A dead silence lingered — the kind that felt wrong. Too calm. Too still.
Kael was the first to notice it. The hum in the air — not of machines, but something else.
"Ren," he said quietly, hand lowering to his holster, "you feel that?"
Ren blinked. The world around him seemed to pulse. The birds stopped mid-song. His pulse jumped against his throat.
"Yeah," Ren whispered. "Like static… inside my head."
Lyra, scanning the perimeter, froze. "Something's… watching us."
Then it came — not a sound, not a voice, but a thought pressed directly into their skulls."It's beautiful, isn't it? The quiet before you ruin it again."
Ren flinched. His vision blurred.
The others turned — nothing there. Just the sunlight filtering through buildings. Then, from between the shards of light, he walked out.
A man, or something close to one. Black hair, messy yet deliberate, purple eyes gleaming faintly as though lit from within. No uniform, no insignia — just a gray shirt, a long coat, and the stillness of someone who didn't belong anywhere.
He didn't smile. Didn't move wrong, didn't breathe wrong. Everything about him fit, yet felt off. Like a dream trying too hard to mimic reality.
Kael stepped forward, hand on his blade. "Identify yourself."
Azel tilted his head. "You shouldn't talk to me." His voice was soft, human in sound but hollow in tone — like it had been borrowed. "It'll make me remember things I don't need to."
Anya frowned. "What does that even mean—"
Before she could finish, Kael lunged forward. His blade sang through the air — clean, precise. The strike should have cut straight through Azel's neck.
It didn't.
The moment the blade reached him, Kael's arm froze mid-swing. Not by force. By command.
Azel's purple eyes flickered, and Kael's body betrayed him. His muscles locked. He dropped to one knee, blade clattering to the ground.
Ren tried to move — to raise his arm, to activate his Lock — but his body refused. His thoughts were his, but his body belonged to someone else.
In his mind, that same calm voice spoke again, closer now."Don't strain. You'll tear something important."
Ren gasped. He couldn't even open his mouth. He could only feel the voice crawl through his head like silk, searching, whispering, learning.

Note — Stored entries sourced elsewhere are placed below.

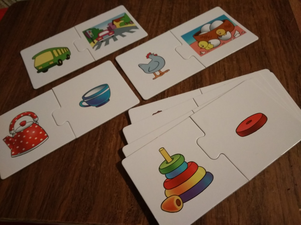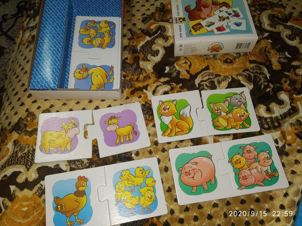 Товар Получила. Спасибо. Заказывала комплект. И того получила по две одинаковых. (Цвета и чей малыш ). Не было в комплекте "ассоциации"и "где чей домик", придётся заказывать отдельно. Ребенку игры понравились.
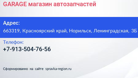 GARAGE, магазин автозапчастей по адресу 663319, Красноярский край, Норильск, Ленинградская, 3Б в дальнейшем Организация, размещена в следующих категориях:
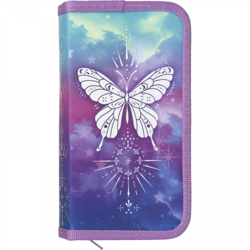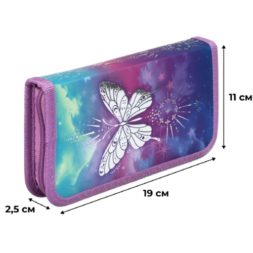 Пенал Комус Класс Волшебная бабочка - эргономичный контейнер из материала софт-тач. Используется для хранения и транспортировки канцелярских принадлежностей. Дизайн пенала выполнен в фиолетовом цвете с изображением бабочки. Предназначается для учениц дошкольных и младших классов. Пенал размером 190x25x110 миллиметров имеет форму 'книжки', что придает ему особою компактность. В него с легкостью поместятся все необходимые для обучения инструменты. При этом они получат надежное хранение и будут всегда под рукой! Пенал идет в продажу без дополнительного наполнения. В рамках ребрендинга производится перевод данного артикула с ТМ №1School на ТМ Комус Класс с сохранением всех потребительских характеристик товара. На переходный период допускается поставка данной продукции в двух вариантах дизайна.
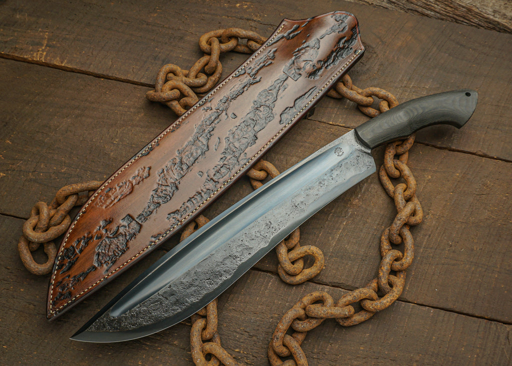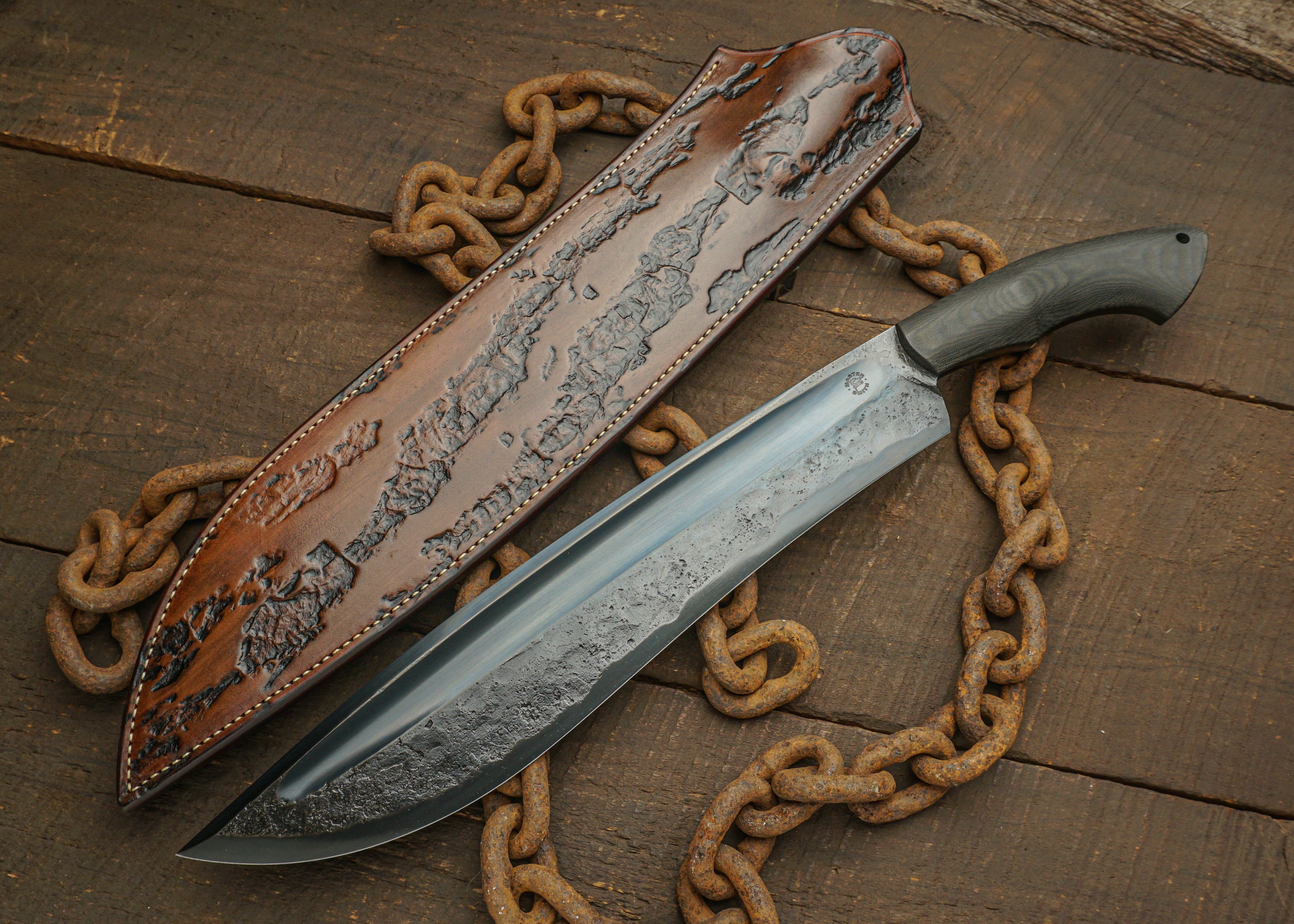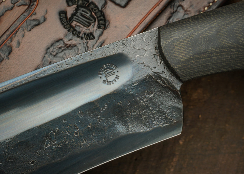 Forged from 80CRV2, it was forged to shape (including a forged fuller). I decided to grind the fuller to further reduce weight, and the entire blade is finished a deep, shimmery blue.
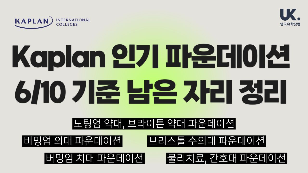 카플란 소속 영국 대학교 의대 · 약대 · 수의대 파운데이션 지원 현황 안내 - 남은 자리 정리했어요!
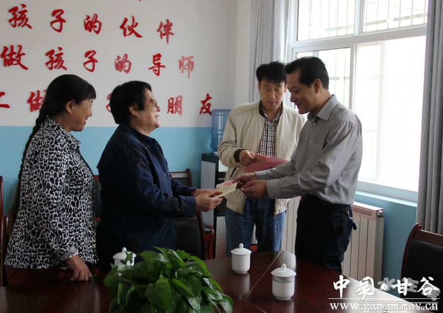 9月9日,在第31個教師節(jié)來臨之際,甘谷縣委副書記、縣長申君明帶領(lǐng)縣政府辦、教體局負(fù)責(zé)人來到甘谷一中、柳湖小學(xué)、模范中學(xué)、縣二幼、縣職校等地,看望慰問優(yōu)秀教師、困難教師和離退休老教師,給他們送去了慰問金,并通過他們向辛勤耕耘在教育戰(zhàn)線的廣大教師和教育工作者致以節(jié)日的祝賀和親切的問候。縣人大副主任韓金鼎陪同慰問。
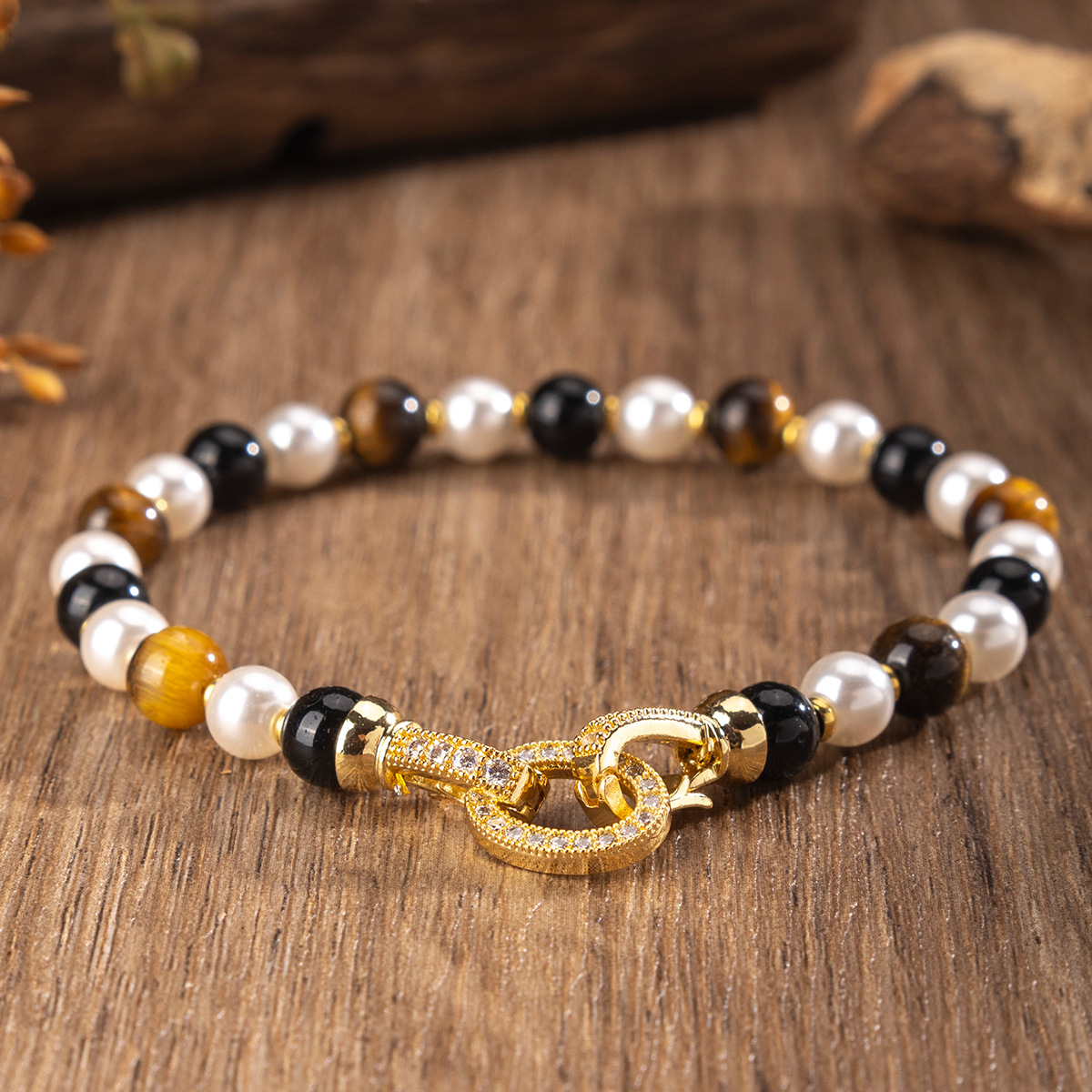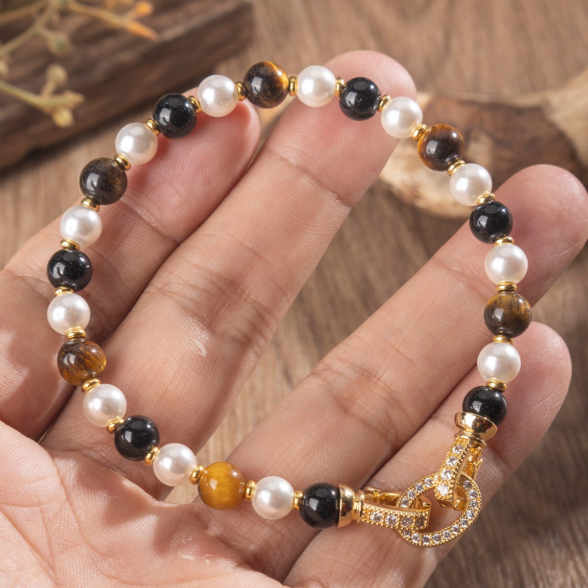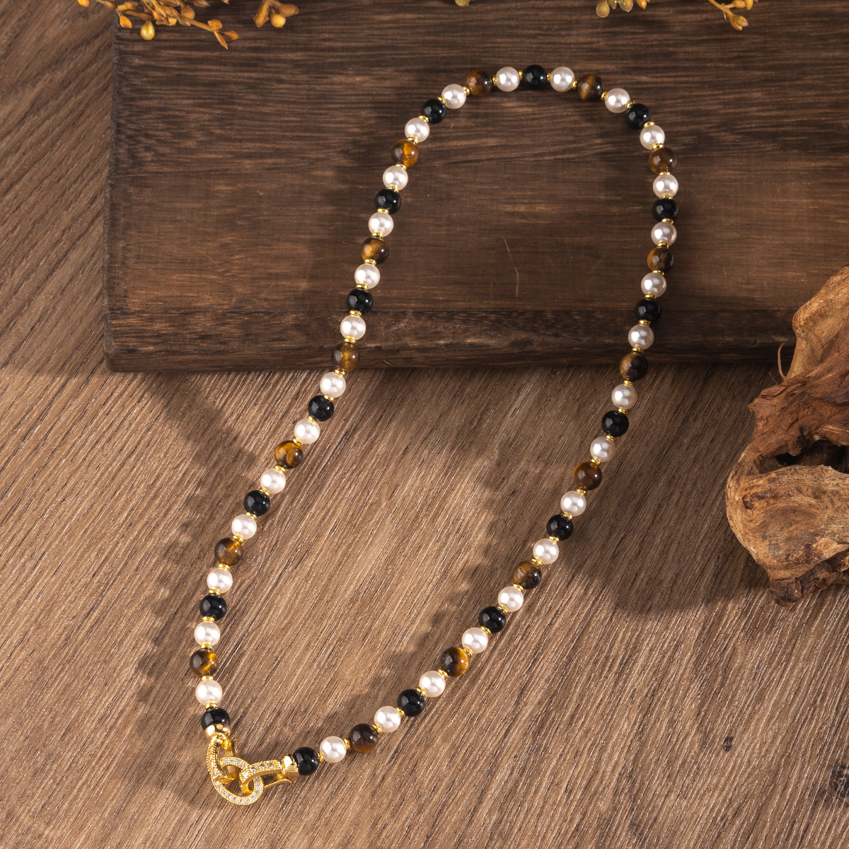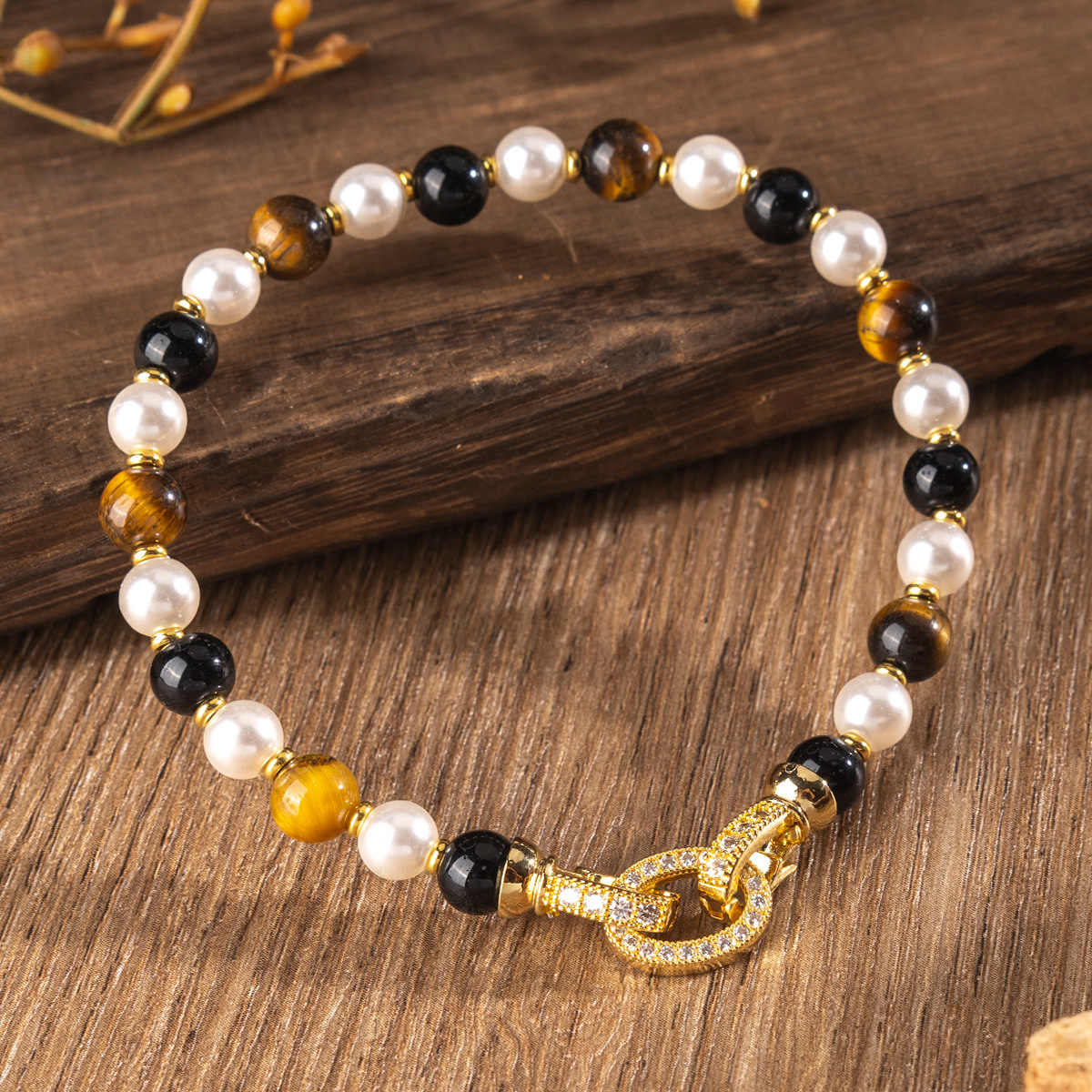 Ensembles-cadeaux bijoux, oeil de tigre, avec perle de plastique & Acier inoxydable 304, Placage de couleur d'or, styles différents pour le choix & pour femme & avec strass, Vendu par PC
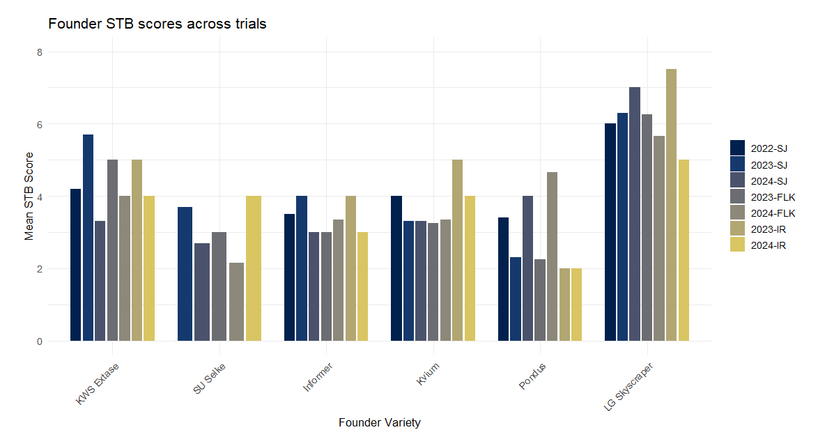 It is well established that disease levels vary between years and locations, supported for instance by data from several years of Danish national field trials (https://sortinfo.dk/). Other studies have shown that STB disease levels are highly affected by the environment [29–31].We observed some variation of founder variety STB levels across the included seasons and locations (Figure 1), with slightly higher levels identified in the Irish trials, likely due to more optimal climatic conditions for pathogen growth and establishment.
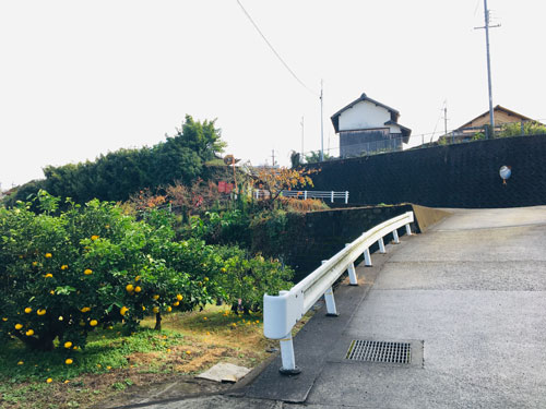 柑橘と紅葉が美しい現場までの上り坂。
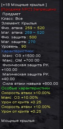 Подробное описание: Мощные крылья+18 20% скорости атаки 0.5 урона от крита 10% оз

Lyra drew her weapon and fired three rounds. The bullets curved midair — not slowed, not blocked, just redirected. They hit the walls behind Azel with dull thuds.
He turned his gaze toward her. "Unnecessary."
And then Lyra dropped, clutching her head, eyes wide and unfocused. No wound. No blood. Just silence.
Anya ran forward, panic overriding reason. "What did you do to her—"
Azel moved. Gracefully. Too gracefully. His step was like water slipping downhill, unhurried, inevitable. He raised one hand, and Anya's voice cut off mid-shout as her body stiffened.
Kael tried to stand again, veins bulging, sweat dripping down his face. "You—bastard—"
Azel finally looked at him fully. His eyes weren't just purple — they were deep. Reflective. As if something vast was looking out from behind them.
He said quietly, "I'm not your enemy."
And then, in the same breath, he tilted his head. "Not yet."
Kael barely saw him move before the air around him bent. A single motion — open palm to chest — and Kael was thrown backward, crashing into the broken concrete, unconscious before he hit the ground.
The rest of the team stood frozen, powerless.
Ren's breathing was shallow now. He fought every command in his body just to move a finger. Just one.
"Why…" he rasped, barely audible, "…why are you here?"
Azel looked down at him. For the first time, something almost resembling curiosity passed through his expression — faint, fleeting.
"Because something beneath your feet is waking up," he said simply. "And you're all standing on its mouth."
Then he stepped back. The sunlight fractured again, scattering through his form like light through glass. One moment he was there. The next — gone.
The world snapped back. The noise returned. Ren fell forward, coughing, gasping for air. Lyra stirred weakly, Kael still down, Anya trembling.
The silence was gone. In its place came a deep rumbling from below.
Cracks split the ground, and something worm-like — enormous, metallic, ancient — began pushing its way upward, its surface pulsing with faint, rhythmic light.
Ren's head throbbed with the echo of Azel's words."You're standing on its mouth."
He looked at Kael's motionless body, then toward the rising shadow.
For the first time in his life, Ren wasn't sure if the true enemy was the monster beneath them — or the man who had just walked away.